Вчера она погляделась в зеркало и в сердцах швырнула его оземь. Зеркало сказало, что погасла краса ее, не сияет лицо, как ясный месяц, увяли розы, потускнели кораллы и жемчуг, и вся она — как меркнущий вечер… Миновал солнечный полдень, пора ее расцвета, уплыли с водой красота и всеобщее поклонение…
А когда-то говорили, что она прекрасна, как ангел, сошедший с иконы, — недаром осталось за ней прозвище «Фуфала»[1]…
— Вон моя деревня… Желанная уже столько лет… Родное гнездо, где нет у меня ни крова, ни очага… Кто выбежит навстречу мне за калитку? Кто приветит ласковым словом, как некогда покойная матушка: «Вернулась домой, доченька? Цела, невредима? Оброни свои горести за порогом!» Некому больше приголубить сироту! И что мне осталось взамен? Жестокий мир, опустелая подлунная — без ласки-привета!
— Как хорош был наш балкон в лунном сиянье! А беседка из лоз, а аллея в саду?
— Бедный мой отец, храбрый воин, покоритель карсской крепости! Когда государь пожелал взглянуть на его портрет, отец согнул одной рукой подкову и велел отослать ее вместо карточки. И я, его дитя, дворянская дочь, должна теперь скитаться по пыльным дорогам!
На краю пшеничного поля стоял огромный, тенистый орех. Дрожь волнения охватила при виде его старуху.
Под этим орехом встретилась она в последний раз с телеграфистом Габо.
— Извелся я без тебя! Заслонила мне весь мир — свет божий померк, стал немил! Присушила меня, приворожила! Среди лета мерзну — хоть второе солнце на небе зажги, все равно без тебя мне не согреться!

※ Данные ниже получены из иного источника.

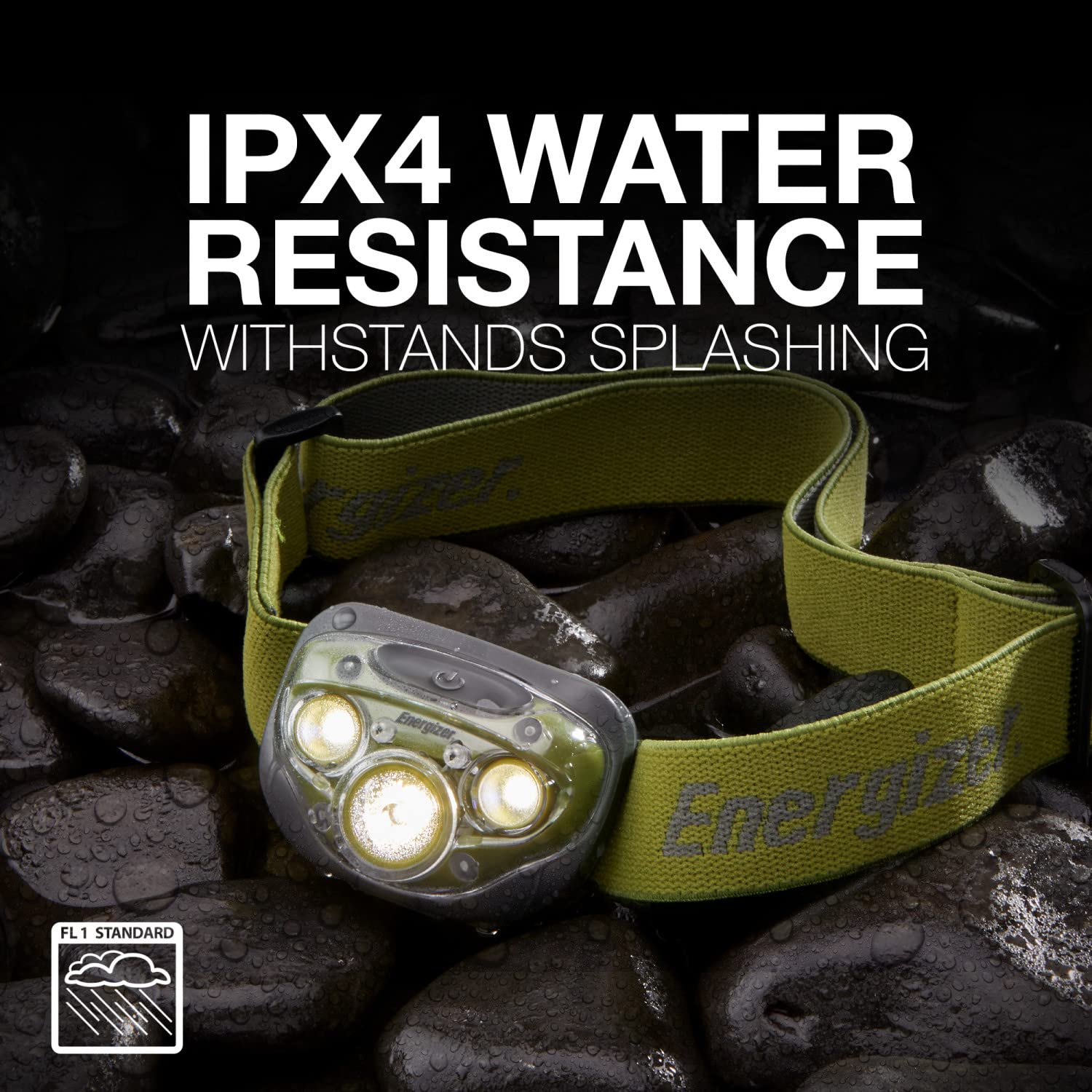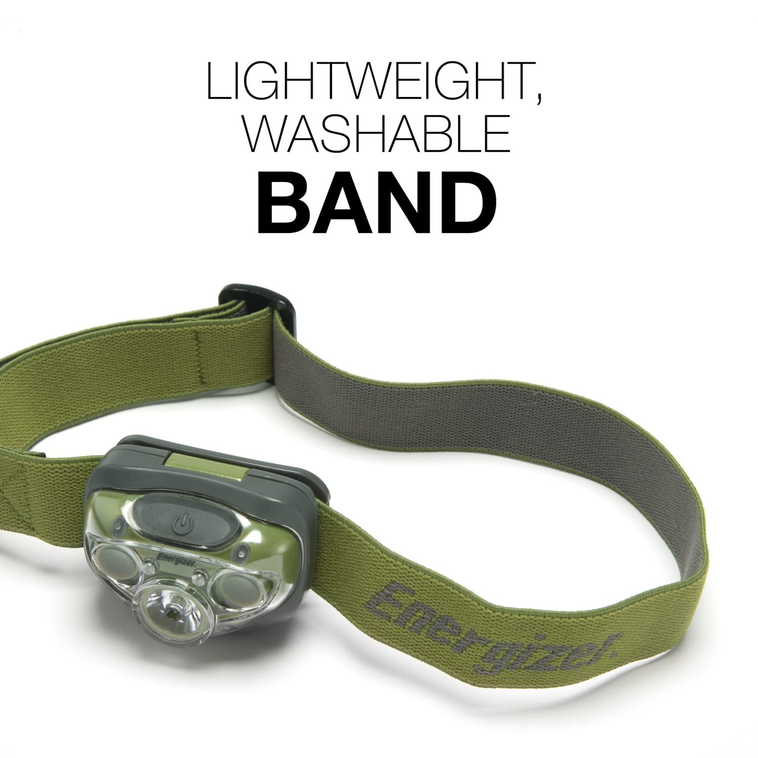Details: The Energizer Vision HD+ Forest Green LED Headlamp is ready to shine while leaving both hands free, no matter what the situation. Unleash the maximum power of 260 lumens on high mode for an 80-meter beam distance to illuminate even the darkest areas. Additional light settings—including high and low spot, high and low wide, low, and red for night vision—let you customize this lightweight headlamp to fit your needs. Next Push Off technology makes this light easy to switch on and off. Powered by three AAA alkaline batteries (included), this battery-powered headlamp with the best batteries runs for up to four hours on high. A pivoting head lets you direct the beam right where you need it most, while an adjustable head strap secures this hands-free LED light comfortably on your head. Designed for durability, this IPX4 water-resistant headlamp withstands splashes, has a shatterproof lens, and is impact-resistant up to 1 meter. Count on Energizer to provide bright, reliable emergency flashlights for any situation.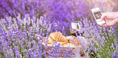 A man holds an iphone 4s in his hand and photographs still life of food and drinks in a lavender field.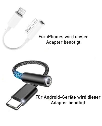 Hinweis: Für neuere Mobiltelefone ohne 3,5-mm-Klinkenbuchse (Kopfhöreranschluss) finden Sie die passenden Adapter in Online-Shops oder Fachgeschäften für Smartphone-Zubehör.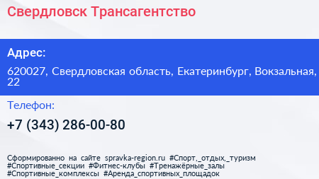 Свердловск Трансагентство по адресу 620027, Свердловская область, Екатеринбург, Вокзальная, 22 в дальнейшем Организация, размещена в следующих категориях: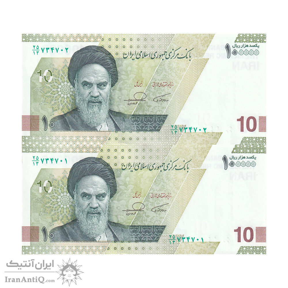 اسکناس 100000 ریال (همتی - فرزین) - جفت - UNC63 - جمهوری اسلامی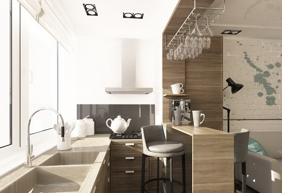 - перенос кухни на балкон актуально для владельцев небольшой квартиры-студии;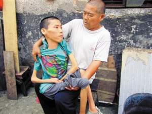 ????現今,王中民每每從工廠做完清潔回來,不管多晚,都會背著兒子出門,他背的姿勢也很獨特,兒子的兩只瘦腳被他夾在腋下,兩手抓著兒子的兩手。“我背習慣了,一點都不覺得他重。”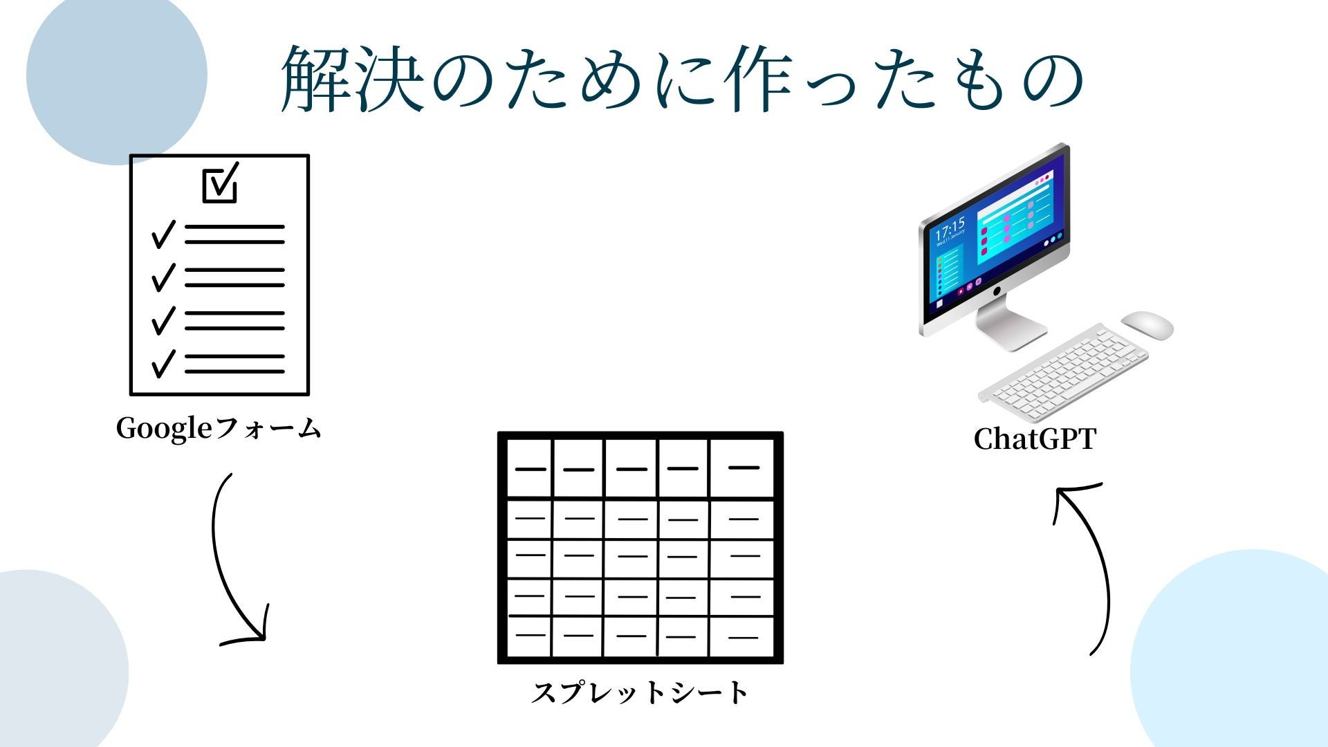 使用ツール:Googleフォーム、 Googleスプレッドシート、 ChatGPT(OpenAI API)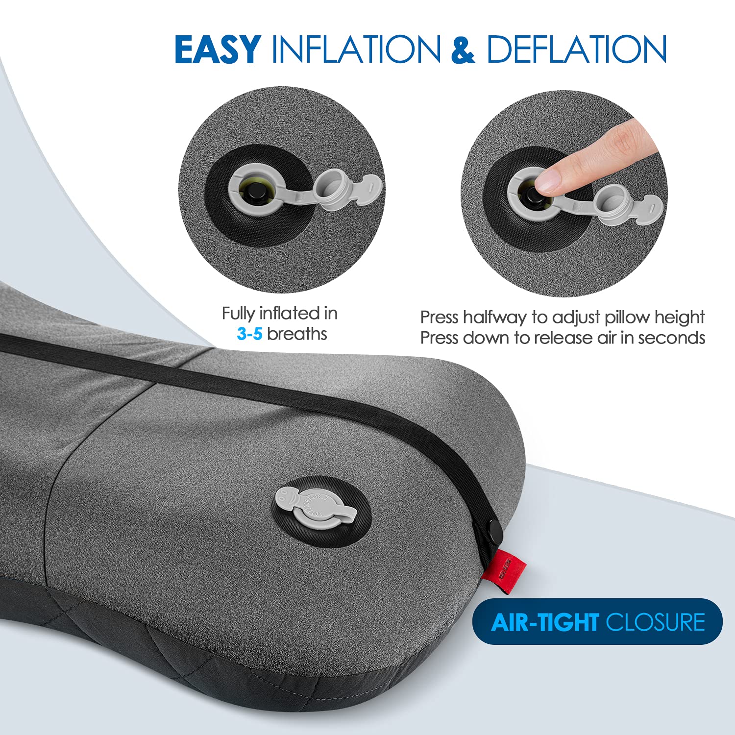 • π——π—˜π—§π—”π—œπ—Ÿπ—¦ π——π—˜π—¦π—œπ—šπ—‘π—˜π—— 𝗙𝗒π—₯ 𝗬𝗒𝗨π—₯ π—–π—’π—‘π—©π—˜π—‘π—œπ—˜π—‘π—–π—˜ - With unique ONE-CLICK VALVE, our travel pillow is fully inflated in only a few breaths. Simply click the button and the valve lets air in, without losing air when you take another breath. Click the button again and the hiking pillow deflates just in seconds. Enjoy your sound sleep through night thanks to the DETACHABLE ELASTIC STRAP on the back of pillow which keeps your backpacking pillow in place on e.g. sleeping pads.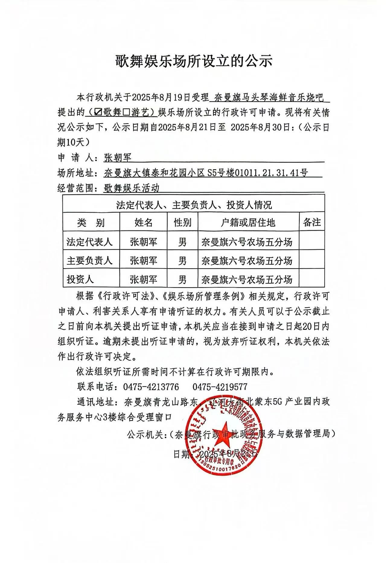 奈曼旗行政审批政务服务与数据管理局关于歌舞娱乐场所设立的公示

— А я и слушать его не хотела! На другой день он выпил отраву из-за меня. Как знать — может, он смотрит теперь с неба на мои скитания и мучается. Знаю, знаю, болит у него душа, жестоко болит!
Фуфала посмотрела на остатки разрушенных стен, что чернели на вершине горы, и перекрестилась.
Как бывало весело на гулянье в день храмового праздника этой старинной святыни! Здесь однажды Доленджи, отчаянный наездник, распалив коня, перескочил в честь Фуфалы через семь разостланных в ряд бурок. А Зазуна, беспечный гуляка Зазуна, спрашивал ее: «Да кто ты такая — уж не дочь ли самого ясного солнышка?»
— А Ардашели ходил за мной как тень: «Некуда мне от тебя деться — казни или помилуй!» Но я была тверда как кремень — эх, и кого же я дожидалась? Отчего не верила никому, никого не слушала?
— Что за яростный ветер пронесся надо мной — всю ограбил дочиста, ничего мне не оставил.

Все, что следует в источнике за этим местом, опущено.